What you should do ▸
Drop the pictures and repeat exactly from the "Le Fujifilm X-S10" line down to the last line of the entries below.

Task data ▸
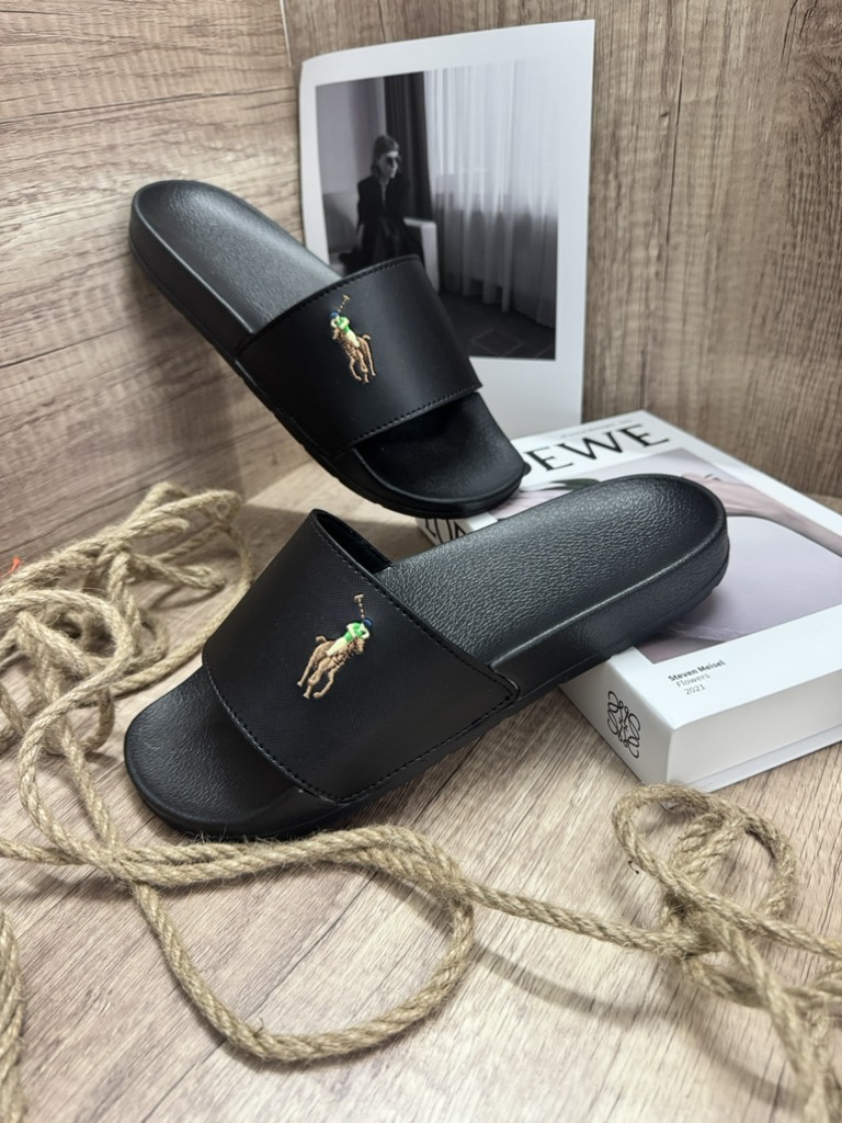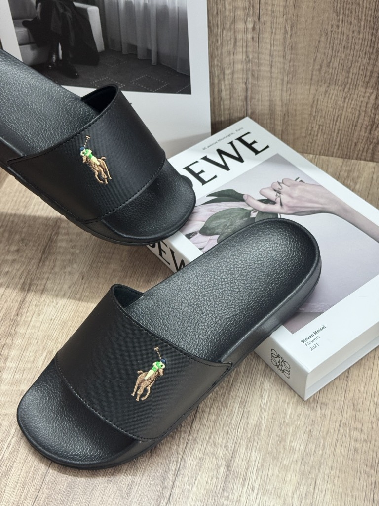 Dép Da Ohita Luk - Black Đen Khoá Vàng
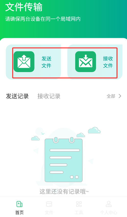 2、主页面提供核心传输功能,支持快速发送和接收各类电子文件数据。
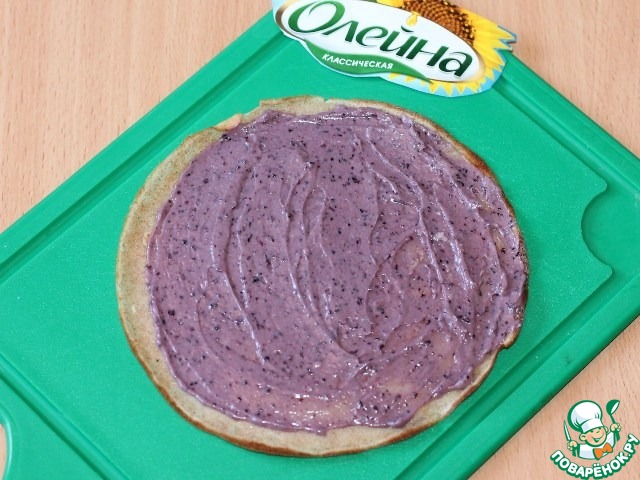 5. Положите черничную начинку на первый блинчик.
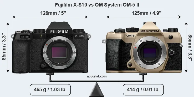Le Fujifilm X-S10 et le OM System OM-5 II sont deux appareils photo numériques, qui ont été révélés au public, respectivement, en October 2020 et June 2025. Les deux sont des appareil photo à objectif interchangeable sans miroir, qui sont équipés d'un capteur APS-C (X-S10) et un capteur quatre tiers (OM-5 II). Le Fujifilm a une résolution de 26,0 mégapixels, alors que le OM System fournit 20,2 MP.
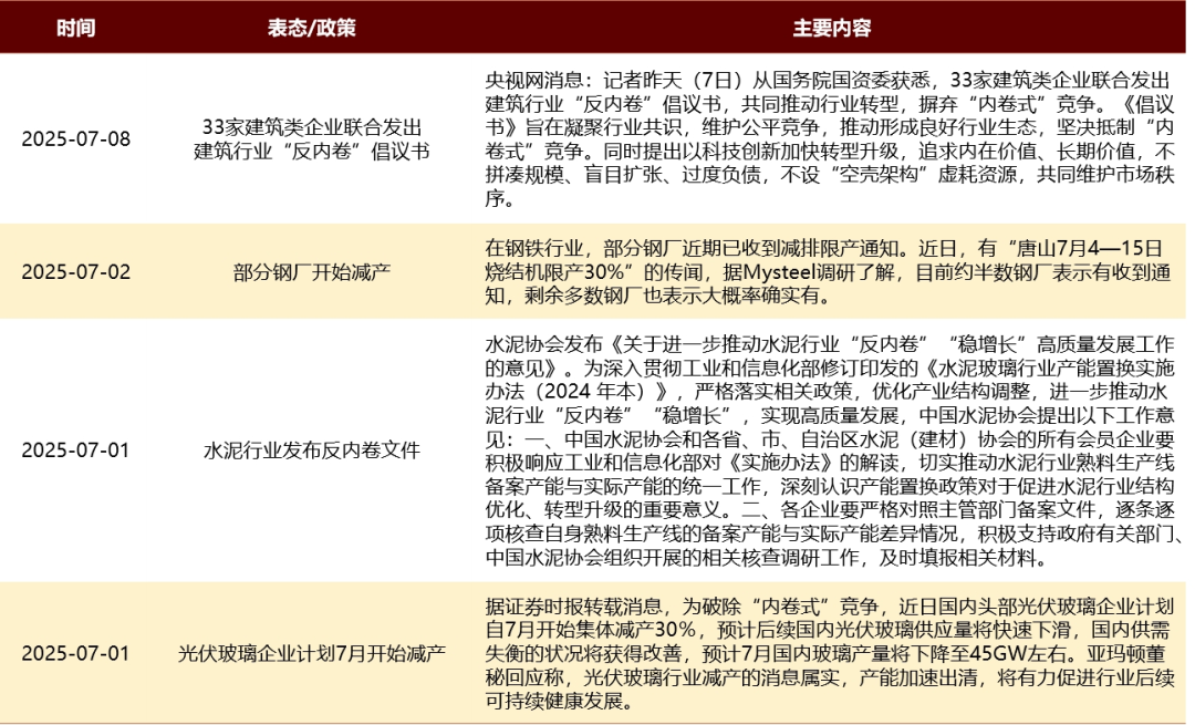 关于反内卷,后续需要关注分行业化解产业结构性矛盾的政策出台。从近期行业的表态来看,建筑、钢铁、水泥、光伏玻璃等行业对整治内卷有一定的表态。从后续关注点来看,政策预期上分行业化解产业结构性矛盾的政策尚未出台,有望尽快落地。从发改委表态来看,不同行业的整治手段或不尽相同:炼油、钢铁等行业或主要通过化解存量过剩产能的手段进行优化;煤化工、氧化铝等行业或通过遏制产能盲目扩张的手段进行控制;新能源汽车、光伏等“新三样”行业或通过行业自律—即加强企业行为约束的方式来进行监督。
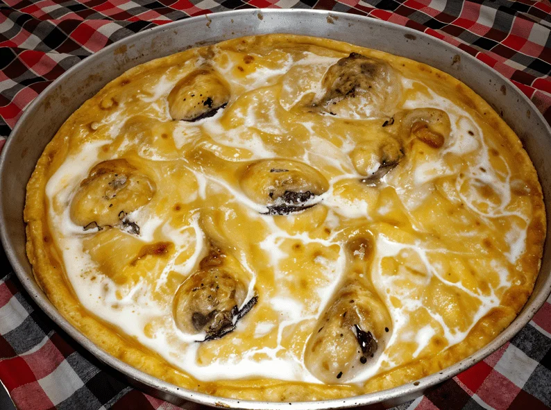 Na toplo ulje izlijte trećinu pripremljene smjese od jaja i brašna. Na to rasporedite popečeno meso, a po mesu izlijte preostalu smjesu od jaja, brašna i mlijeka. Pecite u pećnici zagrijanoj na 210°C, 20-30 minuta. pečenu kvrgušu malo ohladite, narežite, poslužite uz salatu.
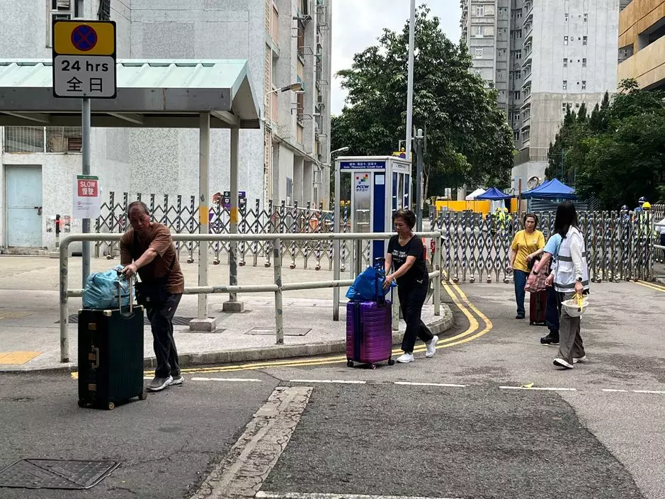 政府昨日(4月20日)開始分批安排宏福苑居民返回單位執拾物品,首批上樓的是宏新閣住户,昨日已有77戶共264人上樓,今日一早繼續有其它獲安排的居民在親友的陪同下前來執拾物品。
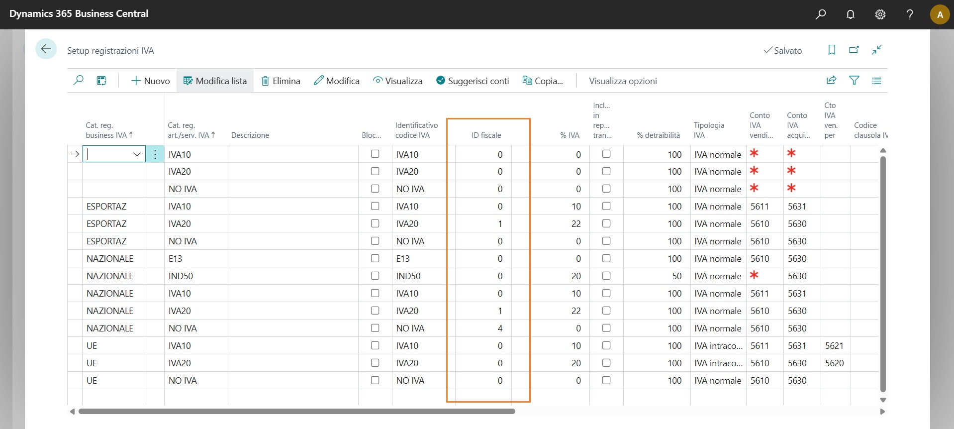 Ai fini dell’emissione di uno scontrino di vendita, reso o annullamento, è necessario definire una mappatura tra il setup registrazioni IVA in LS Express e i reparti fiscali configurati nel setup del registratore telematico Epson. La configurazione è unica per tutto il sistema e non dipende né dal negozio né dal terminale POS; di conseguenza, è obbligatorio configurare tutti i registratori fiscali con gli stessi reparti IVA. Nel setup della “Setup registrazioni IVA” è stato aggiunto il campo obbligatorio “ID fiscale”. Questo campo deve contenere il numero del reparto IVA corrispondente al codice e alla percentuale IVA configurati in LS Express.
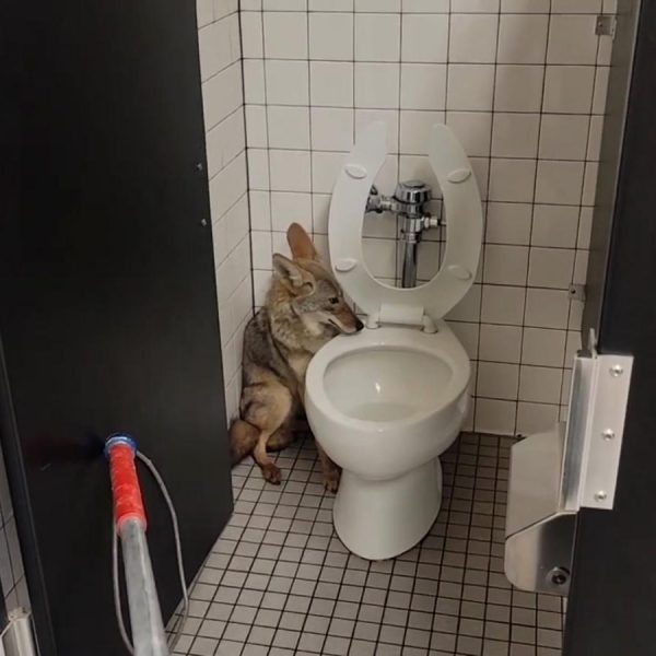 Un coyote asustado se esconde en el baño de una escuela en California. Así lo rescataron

Output for this exercise ▸
Le Fujifilm X-S10 et le OM System OM-5 II sont deux appareils photo numériques, qui ont été révélés au public, respectivement, en October 2020 et June 2025. Les deux sont des appareil photo à objectif interchangeable sans miroir, qui sont équipés d'un capteur APS-C (X-S10) et un capteur quatre tiers (OM-5 II). Le Fujifilm a une résolution de 26,0 mégapixels, alors que le OM System fournit 20,2 MP.
 关于反内卷,后续需要关注分行业化解产业结构性矛盾的政策出台。从近期行业的表态来看,建筑、钢铁、水泥、光伏玻璃等行业对整治内卷有一定的表态。从后续关注点来看,政策预期上分行业化解产业结构性矛盾的政策尚未出台,有望尽快落地。从发改委表态来看,不同行业的整治手段或不尽相同:炼油、钢铁等行业或主要通过化解存量过剩产能的手段进行优化;煤化工、氧化铝等行业或通过遏制产能盲目扩张的手段进行控制;新能源汽车、光伏等“新三样”行业或通过行业自律—即加强企业行为约束的方式来进行监督。
 Na toplo ulje izlijte trećinu pripremljene smjese od jaja i brašna. Na to rasporedite popečeno meso, a po mesu izlijte preostalu smjesu od jaja, brašna i mlijeka. Pecite u pećnici zagrijanoj na 210°C, 20-30 minuta. pečenu kvrgušu malo ohladite, narežite, poslužite uz salatu.
 政府昨日(4月20日)開始分批安排宏福苑居民返回單位執拾物品,首批上樓的是宏新閣住户,昨日已有77戶共264人上樓,今日一早繼續有其它獲安排的居民在親友的陪同下前來執拾物品。
 Ai fini dell’emissione di uno scontrino di vendita, reso o annullamento, è necessario definire una mappatura tra il setup registrazioni IVA in LS Express e i reparti fiscali configurati nel setup del registratore telematico Epson. La configurazione è unica per tutto il sistema e non dipende né dal negozio né dal terminale POS; di conseguenza, è obbligatorio configurare tutti i registratori fiscali con gli stessi reparti IVA. Nel setup della “Setup registrazioni IVA” è stato aggiunto il campo obbligatorio “ID fiscale”. Questo campo deve contenere il numero del reparto IVA corrispondente al codice e alla percentuale IVA configurati in LS Express.
 Un coyote asustado se esconde en el baño de una escuela en California. Así lo rescataron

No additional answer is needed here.